À titre d'exemple, le fait d'emmener sa famille avec soi lors d'un séjour professionnel de plusieurs années, tout en prenant des précautions pour faciliter son retour ultérieur en Suisse (notamment, renouvellement du permis d'établissement et maintien du bail du logement), doit être considéré comme déterminant pour retenir un transfert du domicile à l'étranger (Margit MOSER-SZELESS in Commentaire romand, Loi sur la partie générale des assurances sociales, 2018, n. 15 ad art. 13 LPGA citant RCC 1982 p. 171).

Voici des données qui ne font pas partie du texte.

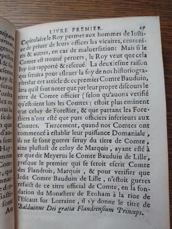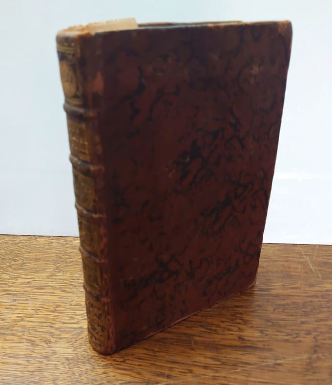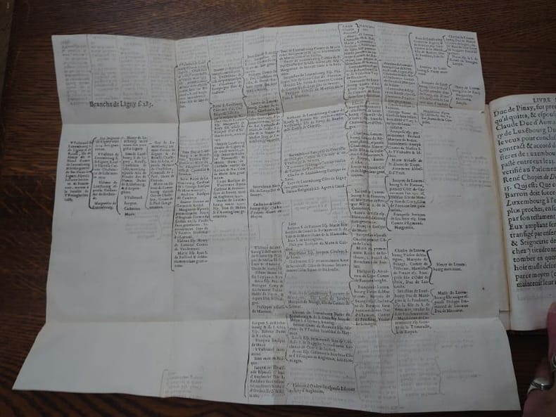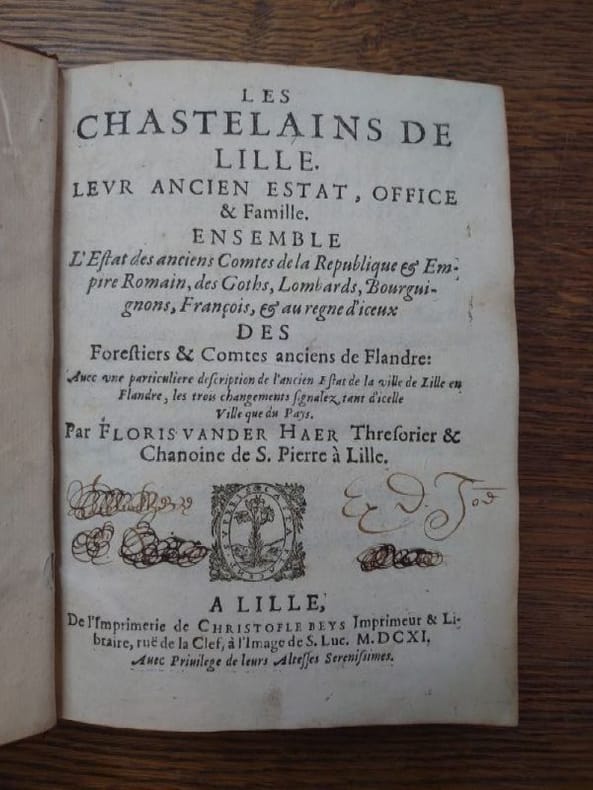 A Lille, Christophe Beys, 1611. 19,5 x 14 cm, 1 ff. et 300 pp. Relié plein veau marbré d'époque, dos à nerfs, caissons ornés, pièce de titre, tranches rouges. Reliure légèrement usée, traces de frottements, coins émoussés, une étiquette collée au dos, sinon bon exemplaire bien complet des 6 tableaux généalogiques dépliants.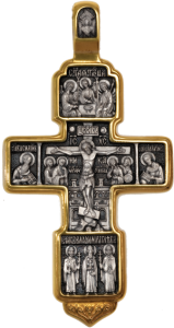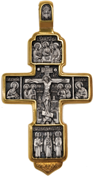 Сюжет Распятия никогда не был в православной иконографии только иллюстрацией казни Христа. С помощью надписей, символических элементов и художественных приемов его стремились показать как принесение искупительной жертвы Христом-Иереем, как таинство Небесной и Земной Церкви, а также как победу Христа и искупление человечества. Вмелкой пластике для усиления этой идеи сцена Распятия также часто дополнялась сюжетами и образами, не имеющими прямого отношения к евангельскому событию.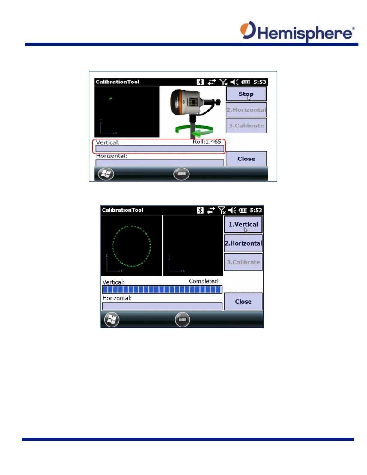 Click the 2. Horizontal button and slowly rotate the device clockwise 360° (or more, depending
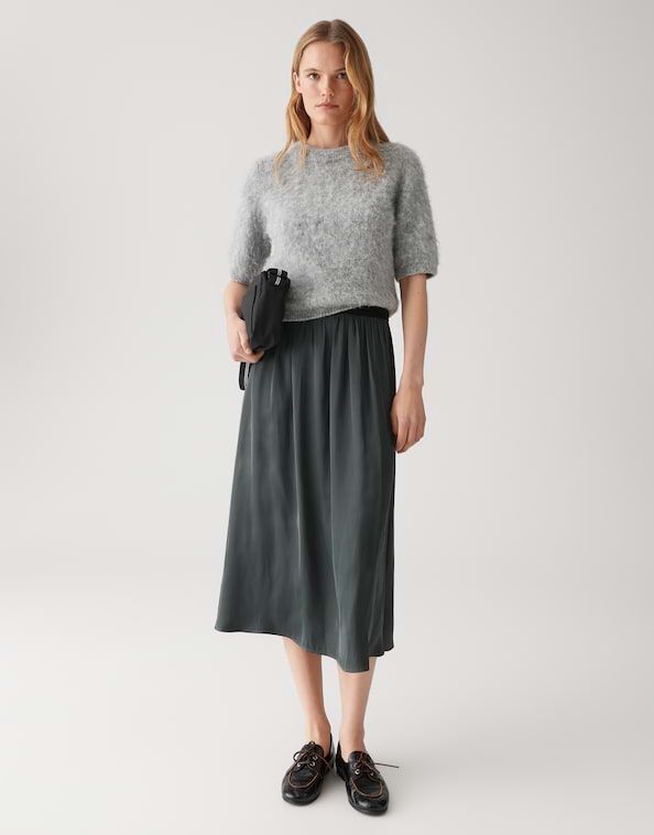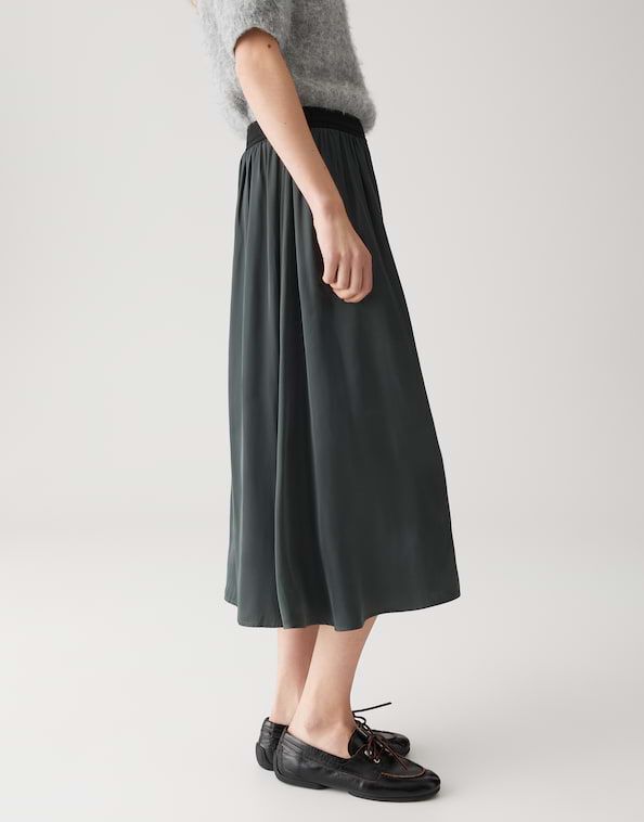 De zwierige A-lijn rok met een kleurcontrasterende elastische tailleband streelt het silhouet als een frisse wind. Ontspannen in een café of gestyled voor een evenement, dit trendstuk inspireert tot eindeloze outfitideeën.100% Polyester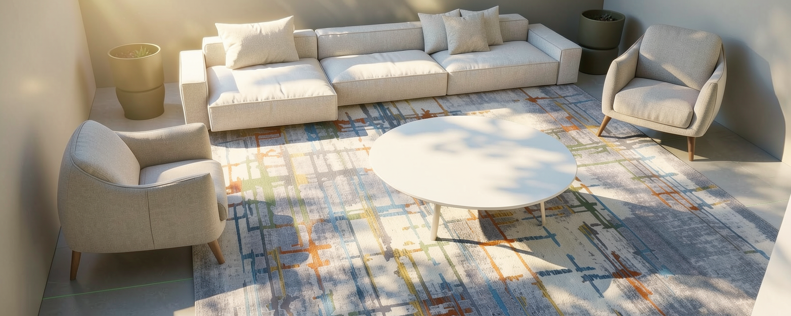 a modern kitchen rendered in a cozy and inviting atmosphere the cabinets are a sleek charcoal gray complemented by elegant silver handles the countertops are smooth and light beige providing a warm contrast overhead cabinets are a rich wooden brown adding depth and a natural element wooden stools have a light oak finish the floor is a soft weathered wood texture in light grayish brown tones giving a rustic touch the walls are a clean and bright white enhancing the room s natural light a window with dark grained wooden blinds filters gentle sunlight casting soft shadows a white door opens to a lush green garden visible just outside on the shelves vibrant books and colorful jars add pops of color creating a harmonious balance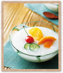 現在、秋田県内各地で食べられている『あさづけ』は、地元特産のサクランボなど旬の果物を贅沢にトッピングすることもあり、さながら甘酸っぱい和風デザートのような趣で、子どもからお年寄りまで人気があります。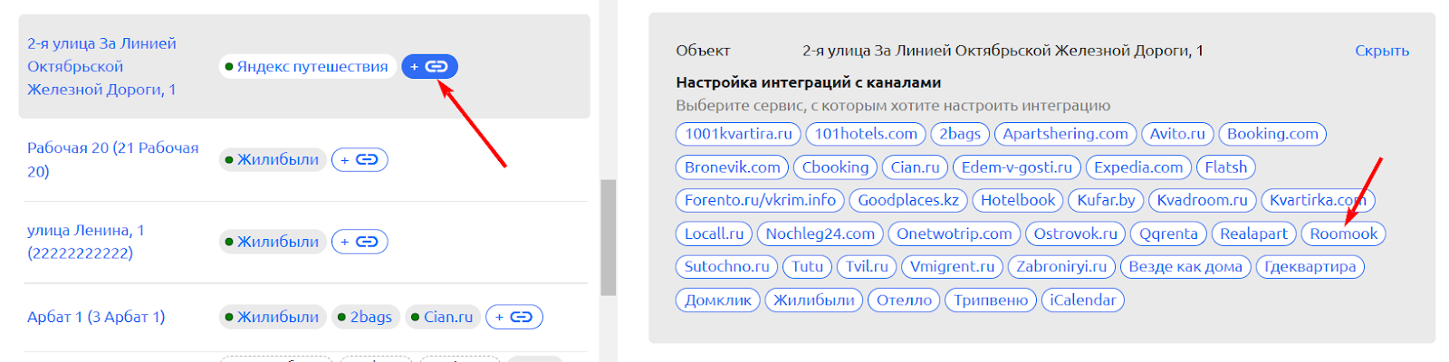 Напротив нужного объекта в списке нажмите на кнопку добавления синхронизации и выберите «Roomook».

7.3 En vertu de l'art. 24 CC, toute personne conserve son domicile aussi longtemps qu’elle ne s’en est pas créé un nouveau (al. 1). Le lieu où elle réside est considéré comme son domicile, lorsque l’existence d’un domicile antérieur ne peut être établie ou lorsqu’elle a quitté son domicile à l’étranger et n’en a pas acquis un nouveau en Suisse (al. 2).

7.4 Les art. 23 ss CC obéissent au principe de la nécessité du domicile: toute personne doit nécessairement avoir un domicile civil. C'est pourquoi l'art. 24 CC établit des règles subsidiaires qui permettent de déterminer un domicile fictif en l'absence d'un domicile volontaire ou légal. L'une de ces règles est que l'intéressé est censé conserver son ancien domicile jusqu'à ce qu'il en ait acquis un nouveau (art. 24 al. 1 CC; arrêt du Tribunal fédéral 2C_478/2008, 2C_572/2008 du 23 septembre 2008 consid. 3.4). L’art. 24 al. 1 CC vise le cas de l’abandon d’un domicile sans création d’un nouveau. En l’absence de création d’un nouveau domicile, le domicile abandonné subsiste donc comme domicile fictif (EIGENMANN, op cit., n. 3-4 ad art. 24 CC et la référence).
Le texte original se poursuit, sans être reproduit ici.